▶ _What you should do_: Copy out the data below from the line containing "BOR IMPACT APR" to the line containing "図12に示されるように、地域", both lines included, with all images left out.

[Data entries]
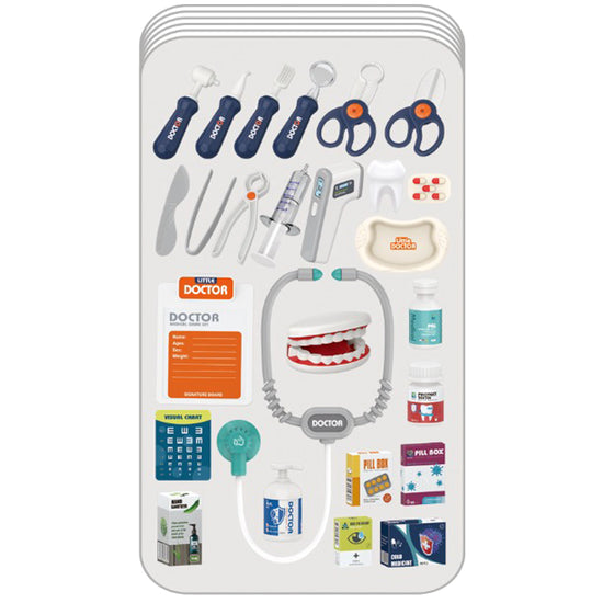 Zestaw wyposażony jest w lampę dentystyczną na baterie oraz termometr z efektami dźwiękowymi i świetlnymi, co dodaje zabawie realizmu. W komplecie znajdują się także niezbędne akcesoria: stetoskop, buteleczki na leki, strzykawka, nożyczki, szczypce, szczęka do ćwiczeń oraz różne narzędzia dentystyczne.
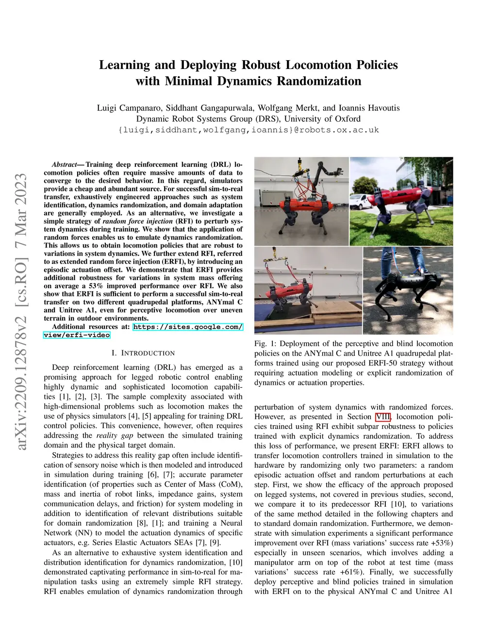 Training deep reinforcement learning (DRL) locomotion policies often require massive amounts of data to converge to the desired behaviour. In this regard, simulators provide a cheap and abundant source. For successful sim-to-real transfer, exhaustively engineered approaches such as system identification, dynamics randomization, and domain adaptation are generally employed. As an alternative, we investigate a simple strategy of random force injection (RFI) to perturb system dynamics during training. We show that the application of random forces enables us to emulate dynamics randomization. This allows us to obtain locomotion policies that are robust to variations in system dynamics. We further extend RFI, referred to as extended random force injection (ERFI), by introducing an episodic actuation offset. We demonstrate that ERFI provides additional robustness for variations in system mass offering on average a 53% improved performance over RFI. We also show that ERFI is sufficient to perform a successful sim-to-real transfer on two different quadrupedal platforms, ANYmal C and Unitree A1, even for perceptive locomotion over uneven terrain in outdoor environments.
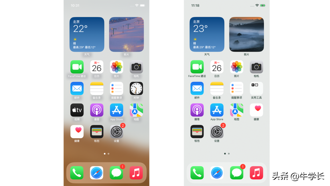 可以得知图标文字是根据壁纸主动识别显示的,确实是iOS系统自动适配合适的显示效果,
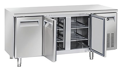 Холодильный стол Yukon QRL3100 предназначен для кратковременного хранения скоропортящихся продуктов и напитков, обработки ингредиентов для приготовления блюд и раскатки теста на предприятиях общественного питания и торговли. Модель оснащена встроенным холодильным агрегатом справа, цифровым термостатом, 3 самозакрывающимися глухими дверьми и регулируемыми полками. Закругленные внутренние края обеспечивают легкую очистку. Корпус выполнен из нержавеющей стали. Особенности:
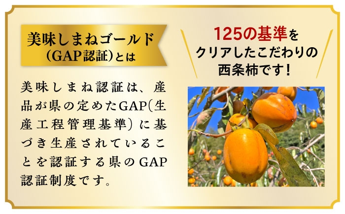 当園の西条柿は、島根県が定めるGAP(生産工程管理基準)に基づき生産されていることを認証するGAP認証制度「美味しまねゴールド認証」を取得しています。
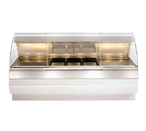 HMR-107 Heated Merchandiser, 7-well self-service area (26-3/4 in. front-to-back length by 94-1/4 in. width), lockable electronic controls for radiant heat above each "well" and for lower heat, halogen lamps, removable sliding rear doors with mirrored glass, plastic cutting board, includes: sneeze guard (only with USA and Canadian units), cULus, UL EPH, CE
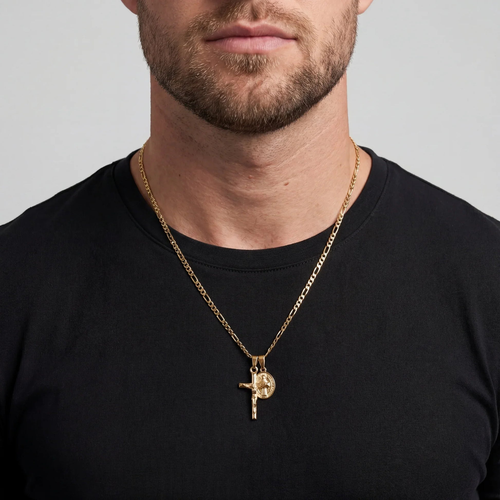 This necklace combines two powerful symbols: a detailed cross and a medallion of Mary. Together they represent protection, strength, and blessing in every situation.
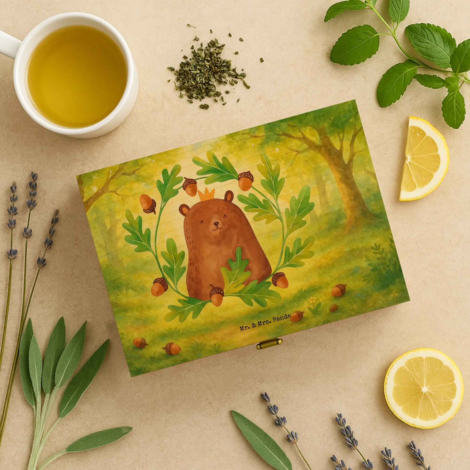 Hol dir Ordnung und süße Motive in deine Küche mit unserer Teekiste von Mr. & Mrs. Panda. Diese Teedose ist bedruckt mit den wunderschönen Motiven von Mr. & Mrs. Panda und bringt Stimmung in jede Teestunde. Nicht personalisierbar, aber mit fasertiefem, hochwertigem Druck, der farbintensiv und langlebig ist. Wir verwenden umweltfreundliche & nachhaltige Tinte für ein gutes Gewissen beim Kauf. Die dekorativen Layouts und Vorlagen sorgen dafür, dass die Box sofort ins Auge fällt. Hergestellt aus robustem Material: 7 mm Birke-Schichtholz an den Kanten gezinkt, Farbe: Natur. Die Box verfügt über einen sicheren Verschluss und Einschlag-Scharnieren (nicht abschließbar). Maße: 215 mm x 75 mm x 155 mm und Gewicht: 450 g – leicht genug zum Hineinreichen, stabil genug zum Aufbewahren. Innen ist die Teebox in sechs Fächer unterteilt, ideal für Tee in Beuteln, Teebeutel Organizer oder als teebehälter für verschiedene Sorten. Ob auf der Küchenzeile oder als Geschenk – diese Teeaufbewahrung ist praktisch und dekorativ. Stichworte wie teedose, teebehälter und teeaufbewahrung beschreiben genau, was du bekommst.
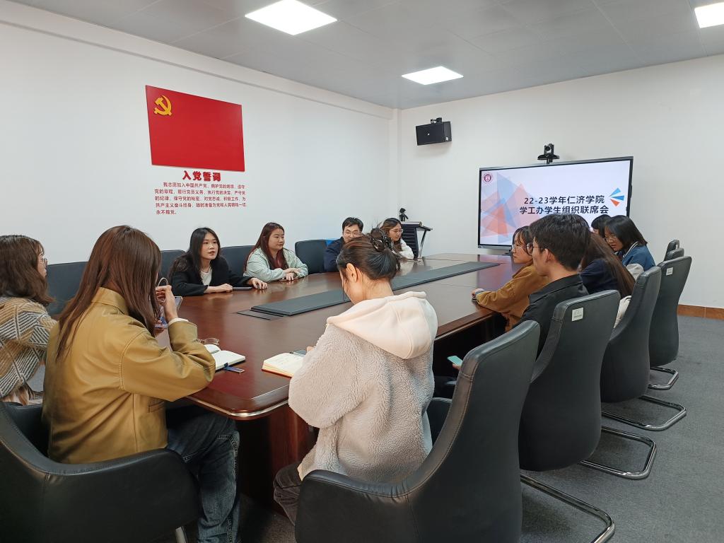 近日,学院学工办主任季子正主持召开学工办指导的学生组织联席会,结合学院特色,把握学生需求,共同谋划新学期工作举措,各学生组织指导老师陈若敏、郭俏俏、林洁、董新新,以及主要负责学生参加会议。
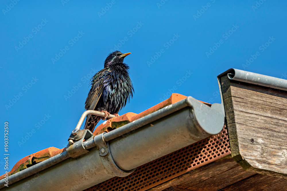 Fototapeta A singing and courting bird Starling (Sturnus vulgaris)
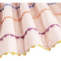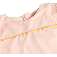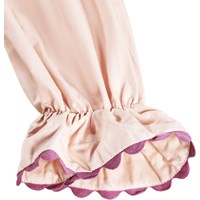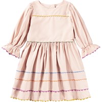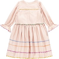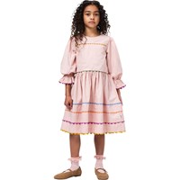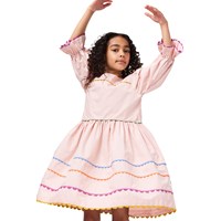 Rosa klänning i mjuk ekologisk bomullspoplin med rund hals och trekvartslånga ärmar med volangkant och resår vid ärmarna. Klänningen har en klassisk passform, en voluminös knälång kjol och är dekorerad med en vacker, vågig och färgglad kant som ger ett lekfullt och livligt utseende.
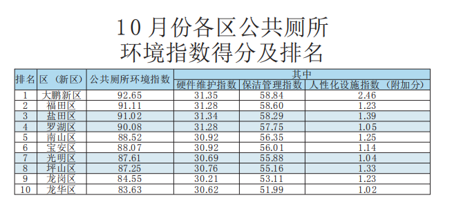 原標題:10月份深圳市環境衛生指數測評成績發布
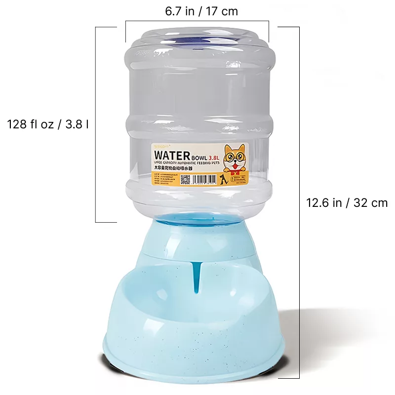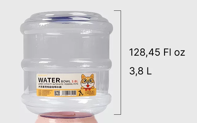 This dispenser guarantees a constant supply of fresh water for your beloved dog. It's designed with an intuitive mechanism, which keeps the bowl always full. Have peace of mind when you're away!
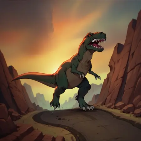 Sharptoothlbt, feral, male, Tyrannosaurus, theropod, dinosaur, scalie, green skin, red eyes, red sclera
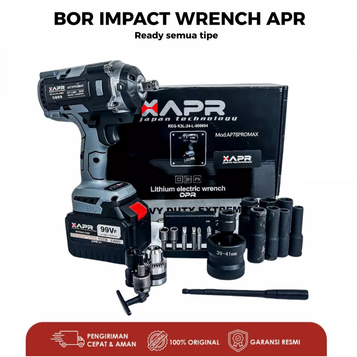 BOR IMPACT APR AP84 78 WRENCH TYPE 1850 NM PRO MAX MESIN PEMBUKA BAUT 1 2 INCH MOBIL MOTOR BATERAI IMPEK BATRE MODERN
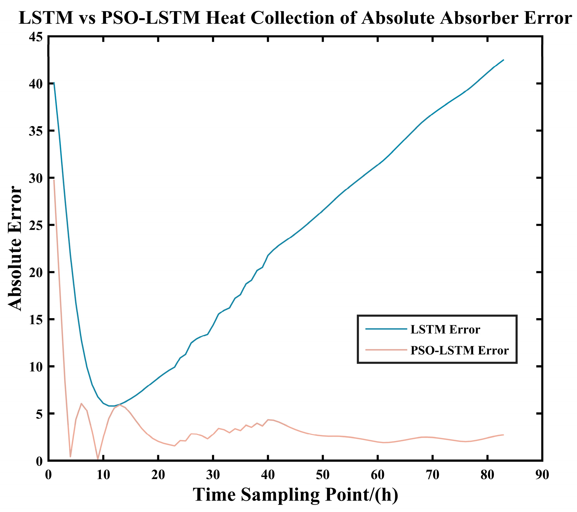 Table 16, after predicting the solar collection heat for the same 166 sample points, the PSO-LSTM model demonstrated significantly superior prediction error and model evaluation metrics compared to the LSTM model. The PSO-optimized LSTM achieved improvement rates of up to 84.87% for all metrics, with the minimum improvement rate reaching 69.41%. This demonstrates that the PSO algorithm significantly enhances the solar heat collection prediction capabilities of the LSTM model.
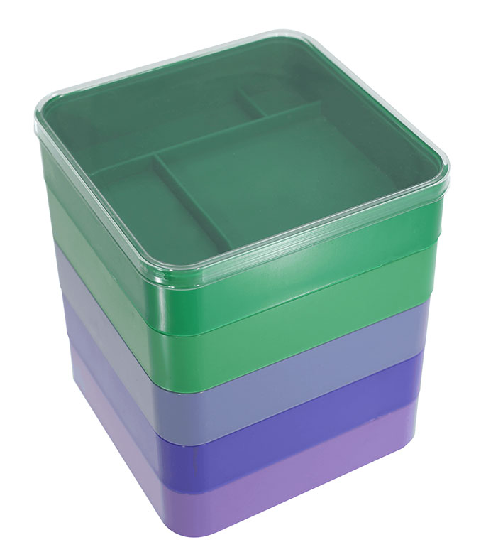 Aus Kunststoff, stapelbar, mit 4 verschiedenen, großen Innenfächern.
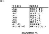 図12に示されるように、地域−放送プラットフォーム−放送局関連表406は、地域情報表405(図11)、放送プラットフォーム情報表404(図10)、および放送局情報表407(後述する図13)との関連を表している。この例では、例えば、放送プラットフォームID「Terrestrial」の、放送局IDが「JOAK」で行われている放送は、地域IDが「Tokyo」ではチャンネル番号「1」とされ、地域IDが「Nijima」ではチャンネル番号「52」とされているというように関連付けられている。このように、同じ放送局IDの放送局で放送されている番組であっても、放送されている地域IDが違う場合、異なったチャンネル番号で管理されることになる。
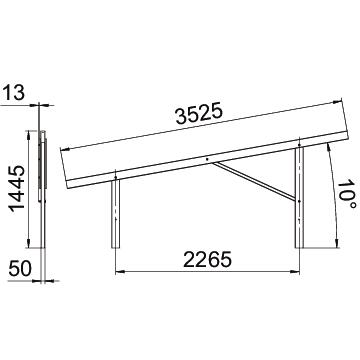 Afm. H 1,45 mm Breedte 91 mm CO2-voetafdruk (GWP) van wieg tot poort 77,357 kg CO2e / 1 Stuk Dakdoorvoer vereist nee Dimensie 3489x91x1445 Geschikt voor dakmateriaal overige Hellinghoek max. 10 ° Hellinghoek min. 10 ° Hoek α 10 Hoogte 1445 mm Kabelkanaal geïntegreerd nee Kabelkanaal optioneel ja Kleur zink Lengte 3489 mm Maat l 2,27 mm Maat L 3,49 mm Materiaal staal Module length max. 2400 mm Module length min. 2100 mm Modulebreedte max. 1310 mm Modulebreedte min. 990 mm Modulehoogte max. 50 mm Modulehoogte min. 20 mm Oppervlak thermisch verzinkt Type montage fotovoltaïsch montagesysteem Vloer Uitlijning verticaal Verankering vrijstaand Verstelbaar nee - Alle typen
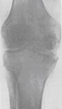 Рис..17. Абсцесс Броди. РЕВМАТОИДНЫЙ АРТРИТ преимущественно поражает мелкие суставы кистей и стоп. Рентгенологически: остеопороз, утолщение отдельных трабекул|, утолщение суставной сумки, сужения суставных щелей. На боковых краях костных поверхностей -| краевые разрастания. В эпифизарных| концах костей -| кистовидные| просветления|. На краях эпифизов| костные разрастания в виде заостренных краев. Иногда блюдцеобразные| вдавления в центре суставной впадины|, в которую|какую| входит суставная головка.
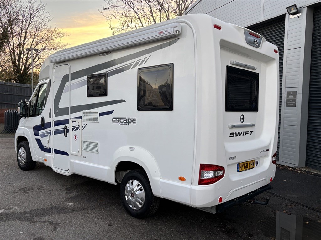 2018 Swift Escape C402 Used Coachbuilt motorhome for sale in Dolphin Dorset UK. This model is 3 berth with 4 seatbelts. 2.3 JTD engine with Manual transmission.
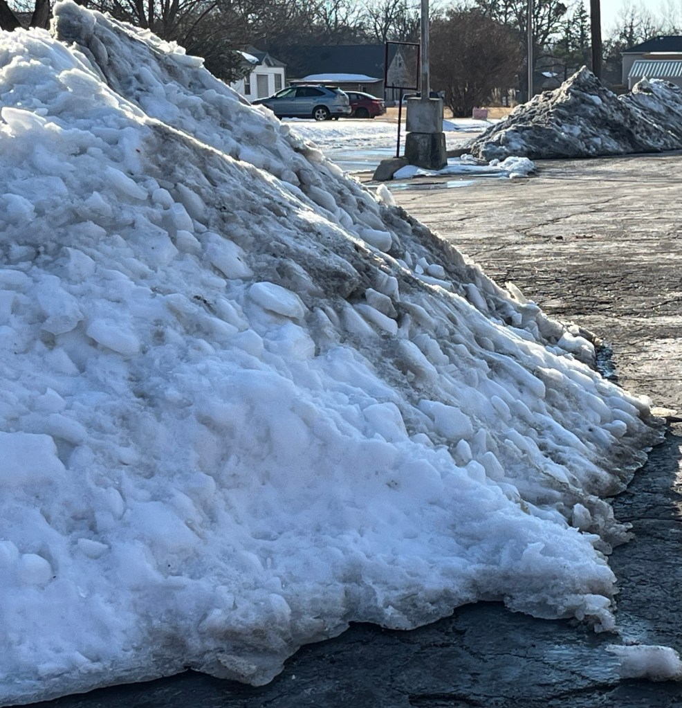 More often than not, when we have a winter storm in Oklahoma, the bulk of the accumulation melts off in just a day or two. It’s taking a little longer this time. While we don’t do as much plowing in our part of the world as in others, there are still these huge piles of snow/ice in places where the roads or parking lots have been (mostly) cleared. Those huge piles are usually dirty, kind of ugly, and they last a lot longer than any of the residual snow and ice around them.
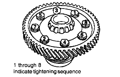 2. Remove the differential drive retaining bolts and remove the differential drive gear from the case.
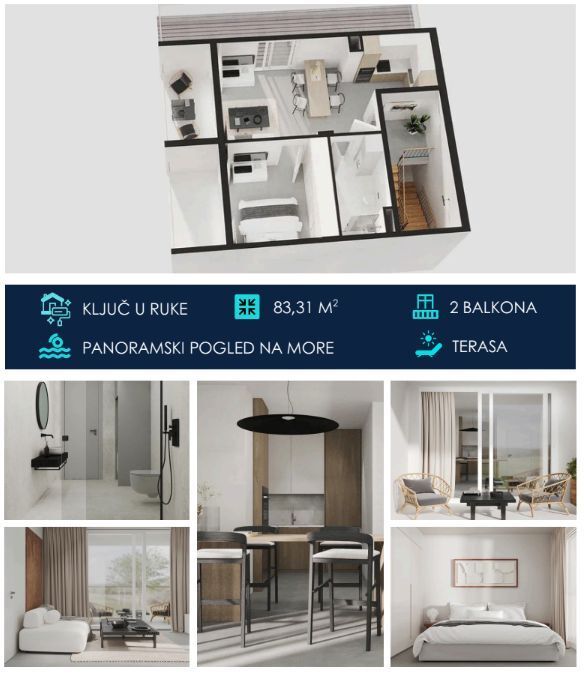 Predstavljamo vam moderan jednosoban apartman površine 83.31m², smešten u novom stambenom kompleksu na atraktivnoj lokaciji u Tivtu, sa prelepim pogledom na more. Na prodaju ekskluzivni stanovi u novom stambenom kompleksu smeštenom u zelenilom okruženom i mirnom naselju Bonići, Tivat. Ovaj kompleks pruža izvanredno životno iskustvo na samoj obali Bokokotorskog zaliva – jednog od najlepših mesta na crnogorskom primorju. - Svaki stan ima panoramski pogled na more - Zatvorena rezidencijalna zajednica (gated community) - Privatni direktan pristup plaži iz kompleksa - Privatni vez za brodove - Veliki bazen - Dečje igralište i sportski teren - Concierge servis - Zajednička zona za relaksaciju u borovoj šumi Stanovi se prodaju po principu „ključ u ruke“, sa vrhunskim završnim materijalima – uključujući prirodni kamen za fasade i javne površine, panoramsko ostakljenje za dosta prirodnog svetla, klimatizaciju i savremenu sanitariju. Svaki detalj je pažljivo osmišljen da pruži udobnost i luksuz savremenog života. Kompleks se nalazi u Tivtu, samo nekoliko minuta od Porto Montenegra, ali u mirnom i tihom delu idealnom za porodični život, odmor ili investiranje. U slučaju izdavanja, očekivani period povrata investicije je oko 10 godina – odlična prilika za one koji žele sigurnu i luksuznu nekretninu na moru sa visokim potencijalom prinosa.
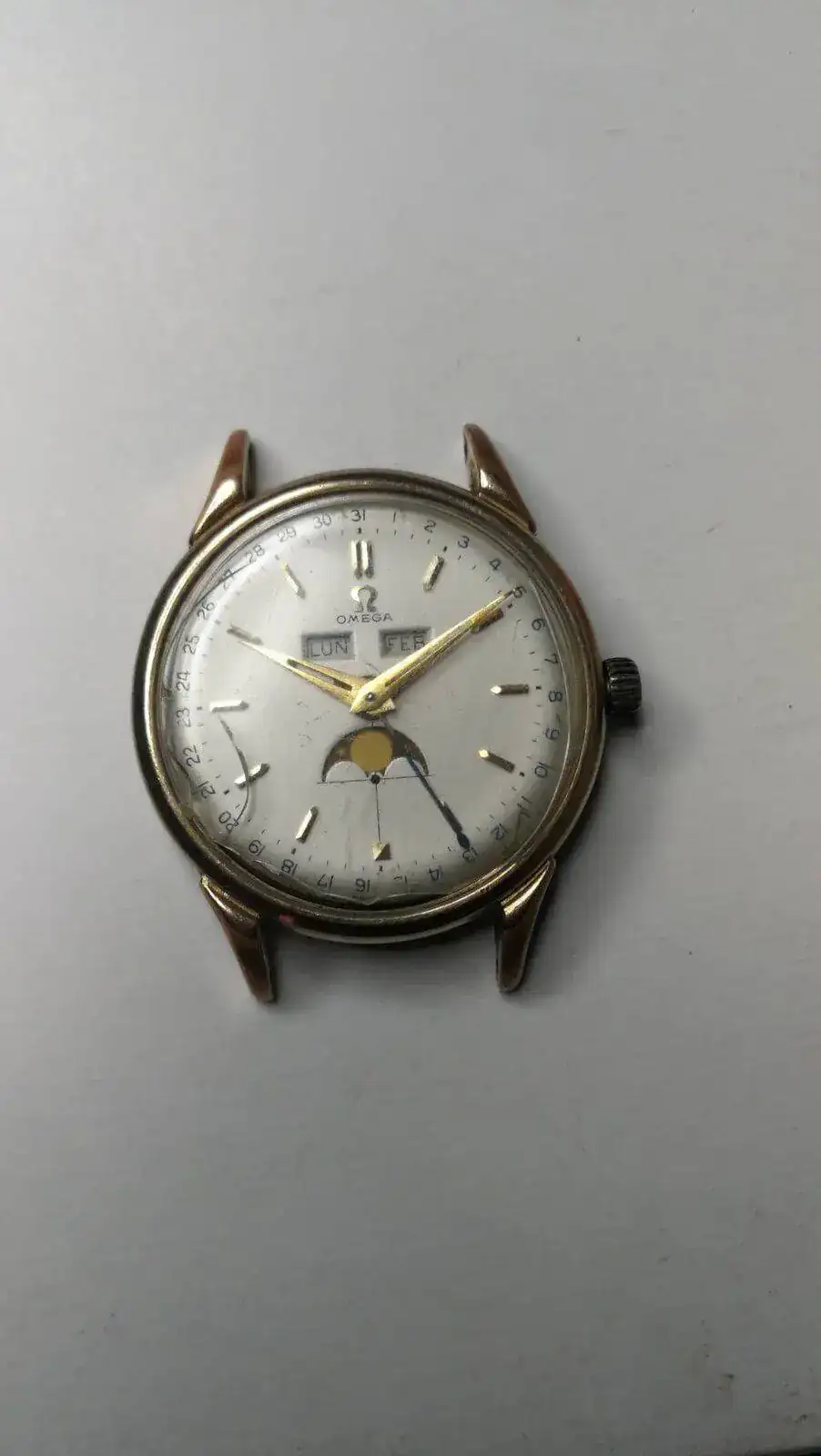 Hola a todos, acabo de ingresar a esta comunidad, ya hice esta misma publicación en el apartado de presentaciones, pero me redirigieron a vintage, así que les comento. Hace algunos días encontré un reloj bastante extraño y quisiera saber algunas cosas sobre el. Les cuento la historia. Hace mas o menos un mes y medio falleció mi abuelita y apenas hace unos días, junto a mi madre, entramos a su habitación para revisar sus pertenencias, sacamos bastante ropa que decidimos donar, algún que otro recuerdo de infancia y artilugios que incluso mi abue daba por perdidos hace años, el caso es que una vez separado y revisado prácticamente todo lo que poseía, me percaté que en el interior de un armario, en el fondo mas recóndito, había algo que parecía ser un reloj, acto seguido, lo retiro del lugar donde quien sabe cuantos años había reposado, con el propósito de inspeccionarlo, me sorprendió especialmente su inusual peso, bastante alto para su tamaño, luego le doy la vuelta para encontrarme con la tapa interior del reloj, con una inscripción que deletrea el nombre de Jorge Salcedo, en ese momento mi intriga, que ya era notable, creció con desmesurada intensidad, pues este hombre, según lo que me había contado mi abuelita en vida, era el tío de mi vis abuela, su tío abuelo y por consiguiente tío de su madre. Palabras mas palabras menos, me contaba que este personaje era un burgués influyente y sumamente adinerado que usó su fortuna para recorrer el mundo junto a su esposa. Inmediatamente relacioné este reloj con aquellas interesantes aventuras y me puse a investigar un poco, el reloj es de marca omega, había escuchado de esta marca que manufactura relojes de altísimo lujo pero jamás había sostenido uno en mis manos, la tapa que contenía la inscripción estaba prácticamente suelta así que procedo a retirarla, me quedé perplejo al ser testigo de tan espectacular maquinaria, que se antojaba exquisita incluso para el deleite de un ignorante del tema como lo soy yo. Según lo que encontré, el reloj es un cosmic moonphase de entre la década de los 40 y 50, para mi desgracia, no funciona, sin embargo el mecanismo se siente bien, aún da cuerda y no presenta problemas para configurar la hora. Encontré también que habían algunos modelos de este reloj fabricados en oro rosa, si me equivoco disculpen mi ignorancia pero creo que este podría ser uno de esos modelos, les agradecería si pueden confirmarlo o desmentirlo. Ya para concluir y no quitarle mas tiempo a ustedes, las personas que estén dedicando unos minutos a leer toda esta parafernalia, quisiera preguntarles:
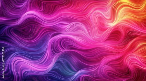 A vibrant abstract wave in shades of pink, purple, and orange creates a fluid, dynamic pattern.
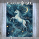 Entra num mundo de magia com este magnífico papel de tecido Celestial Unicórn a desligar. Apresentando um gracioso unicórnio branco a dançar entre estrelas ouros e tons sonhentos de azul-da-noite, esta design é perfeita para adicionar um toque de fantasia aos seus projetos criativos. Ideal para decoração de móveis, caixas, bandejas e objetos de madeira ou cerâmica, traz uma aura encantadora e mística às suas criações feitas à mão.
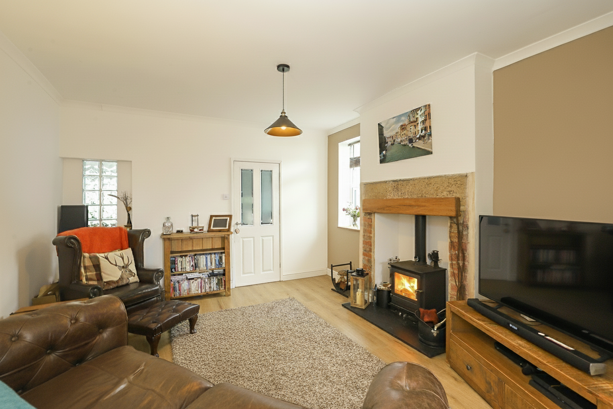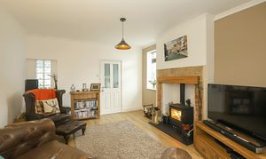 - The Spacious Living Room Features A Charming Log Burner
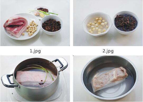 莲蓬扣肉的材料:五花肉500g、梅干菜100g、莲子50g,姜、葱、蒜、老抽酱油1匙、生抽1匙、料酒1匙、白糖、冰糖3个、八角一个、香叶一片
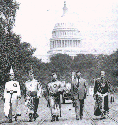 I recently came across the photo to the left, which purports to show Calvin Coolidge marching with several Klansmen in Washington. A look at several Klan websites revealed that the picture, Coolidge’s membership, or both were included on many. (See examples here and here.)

▶ _Solution below_:
 BOR IMPACT APR AP84 78 WRENCH TYPE 1850 NM PRO MAX MESIN PEMBUKA BAUT 1 2 INCH MOBIL MOTOR BATERAI IMPEK BATRE MODERN
 Table 16, after predicting the solar collection heat for the same 166 sample points, the PSO-LSTM model demonstrated significantly superior prediction error and model evaluation metrics compared to the LSTM model. The PSO-optimized LSTM achieved improvement rates of up to 84.87% for all metrics, with the minimum improvement rate reaching 69.41%. This demonstrates that the PSO algorithm significantly enhances the solar heat collection prediction capabilities of the LSTM model.
 Aus Kunststoff, stapelbar, mit 4 verschiedenen, großen Innenfächern.
 図12に示されるように、地域−放送プラットフォーム−放送局関連表406は、地域情報表405(図11)、放送プラットフォーム情報表404(図10)、および放送局情報表407(後述する図13)との関連を表している。この例では、例えば、放送プラットフォームID「Terrestrial」の、放送局IDが「JOAK」で行われている放送は、地域IDが「Tokyo」ではチャンネル番号「1」とされ、地域IDが「Nijima」ではチャンネル番号「52」とされているというように関連付けられている。このように、同じ放送局IDの放送局で放送されている番組であっても、放送されている地域IDが違う場合、異なったチャンネル番号で管理されることになる。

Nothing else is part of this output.